Dès l’entrée, nous sommes confrontés à plusieurs figures humaines. « Stay up, de Daniel Firman présente une femme debout, qui nous surprend par son côté hyperréaliste et qui avec une certaine force tranquille porte un lourd fardeau d’agglomérats de déchets rehaussés à la polyuréthane. La Chute n°20 de Denis Darzacq, nous montre un corps flottant de jeune homme en fond de paysage urbain et l’oeuvre Salle de la Joconde de Martin Parr avec ce groupe de visiteurs au Louvre qui, au lieu d’apprécier les oeuvres pour elles-mêmes, les scrute à travers leurs appareils numériques. Avec ses Lettres de non motivation et What shall we do next, Julien Prévieux nous met face à la jungle de l’emploi et des nouveaux médias, ou comment chaque jour nos compétences, notre intellect et même notre gestuelle doivent se formater pour être compréhensibles au tout venant. Quant à la Boîte de déception de Jeanne Susplugas, elle vient annoncer la couleur de l’exposition avec un humour grinçant ». Ces six oeuvres associées questionnent dès l’entrée notre corps face au monde contemporain.
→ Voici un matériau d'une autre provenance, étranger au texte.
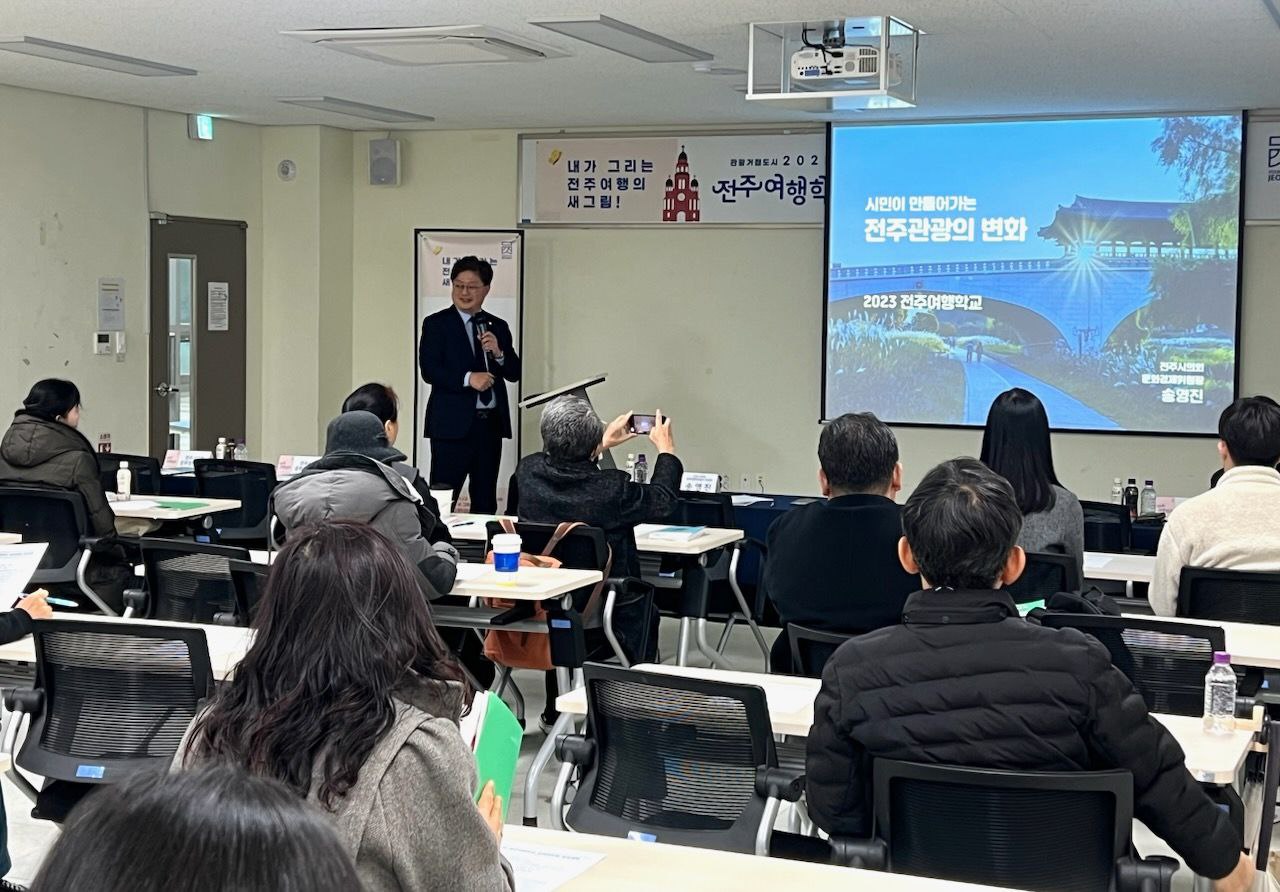 시는 18일 전주도시혁신센터 교육장에서 송영진 전주시의회 문화경제위원장과 전주여행학교 수료생 등 40여 명이 참석한 가운데 ‘시민 중심의 지역관광 육성’을 목표로 추진한 ‘2023년 전주여행학교’의 최종성과 공유회를 가졌다.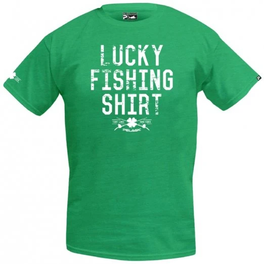 Pelagic Lucky Short Sleeve T-Shirt are green (of course) and are available in M-XXL. It pairs perfectly with the Pelagic Lucky Snapback.Â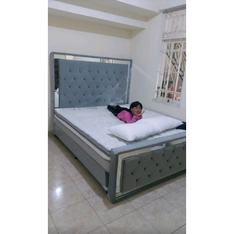 Divan sandaran list cermin bahan beludru tanpa kasur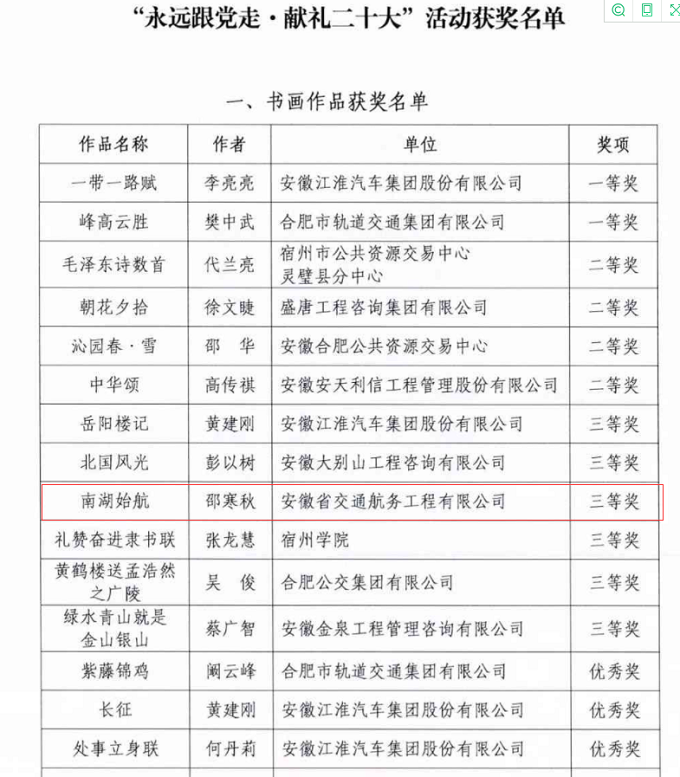 日前,由安徽省招標采購協會主辦的“永遠跟黨走·獻禮二十大”作品征集評選活動獲獎作品名單揭曉!經過激烈競爭,安徽交航公司《南湖始航》書法作品榮獲書畫類作品三等獎。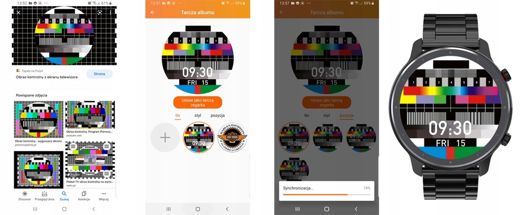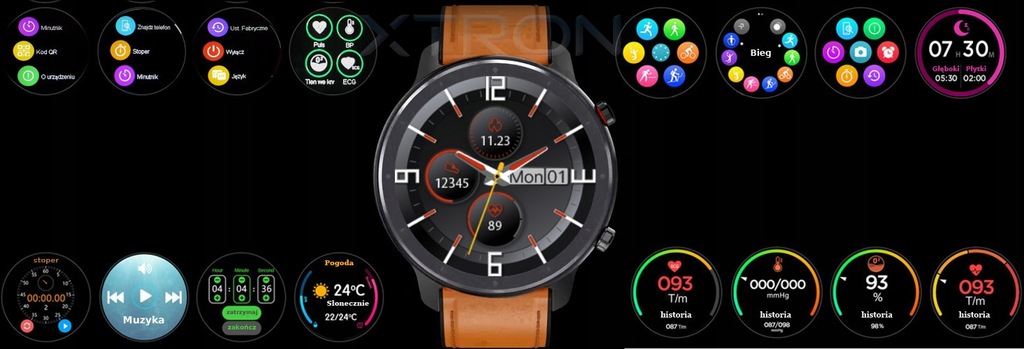 - 4 różne motywy tarczy główne do wyboru w zegarku plus 36 tarcz do wgrania z poziomu aplikacji.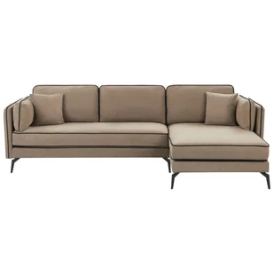głębokość 157 cmKolor JasnobrązowyKształt Litera LLiczba osób 3Materiał metal poliesterMateriał nóg MetalSzerokość 268 cmUstawienie LewostronnyWysokość 88 cm
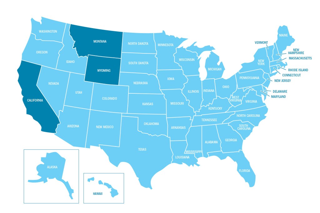 Look at the United States map. The states where the most dinosaur fossils have been found are California, Montana, and Wyoming.

Dans l’aile droite, les séries Eglogues, ZAC et Douceurs de fleurs de Suzanne Husky montrent un ensemble d’objets, d’infrastructures urbaines ou commerciales en faïence emmaillée. À celles-ci viennent s’associer les pièces de Laurent Tixador, « un ensemble d’oeuvres qui avec une poésie aigre-douce nous renvoie à notre condition de créateur d’énergies et de déchets ». Sur la mezzanine, l’installation La maison malade de Jeanne Susplugas confronte notre corps à une accumulation de milliers de boîtes de médicaments. « Sur la coursive, Brigitte Zieger nous entraîne dans une esthétique poétique, mais non moins polémique, avec ses séries Flower of Power et Women are different from men, qui toutes deux convoquent la guerre et la place de la femme dans le monde contemporain ». Sur la verrière, Nicolas Lachambre, artiste de Bourges invité en résidence à Dreux, a travaillé sur deux oeuvres pour poursuivre la réflexion de l’exposition. L’oeuvre incandescente N’y voir que du feu est visible la nuit depuis l’extérieur ; Leadership pour sa part est visible depuis l’étage et dépeint un ensemble de figures animales sauvages et humaines qui une fois associées à des TGV, des pyramides ou encore un arc de triomphe proposent la formule « des solutions simples… des problèmes compliqués ». Un résumé proposé dans une esthétique tout droit issue de la « culture pop urbaine underground ». Proche de cette même esthétique, Andreï Molodkin, artiste russe, propose son regard – au stylo bille bleu, blanc, rouge – sur des scènes de manifestations à Paris. En les regardant, l’actualité des gilets jaunes revient très vite en mémoire alors que cette série date de 2010.

L’humanité du XXIe siècle

Dans l’aile gauche, les oeuvres Jannah et Divine Comédie de Mehdi-Georges Lahlou travaillent sur les questions de stéréotypes, de symboles, d’identités, mettant à mal nos attitudes manichéennes. On peut voir également l’oeuvre monumentale Africonda – mot valise constitué d’Afrique et d’Anaconda – de Pascale Marthine Tayou, « qui s’érige en totem chamanique et nous attire par ses couleurs chatoyantes et son toucher réconfortant ». Plus loin, deux pièces du travail de Mounir Fatmi, Connections et Save Manhattan 01. L’une et l’autre se répondent et torturent l’étymologie du mot religion. « Relegere en latin signifie autant ‘‘relire’ que ‘’relier’’. Trois mots qui associés nous donnent la tentation de relire l’actualité ». Au dénouement de cette exposition, une lumière bleutée dirige le visiteur vers les deux oeuvres Souvenirs et Épuration élective de Fayçal Baghriche. « L’une par un effet de vitesse et l’autre par des effets de recouvrement, font disparaitre les frontières entre les pays et nous plongent dans une image poétique de la mondialisation où chacun devient un élément constituant du cosmos, sans distinction d’identité, de statut ou même de religion ». De quoi renouveler notre place dans cette humanité du XXIe siècle.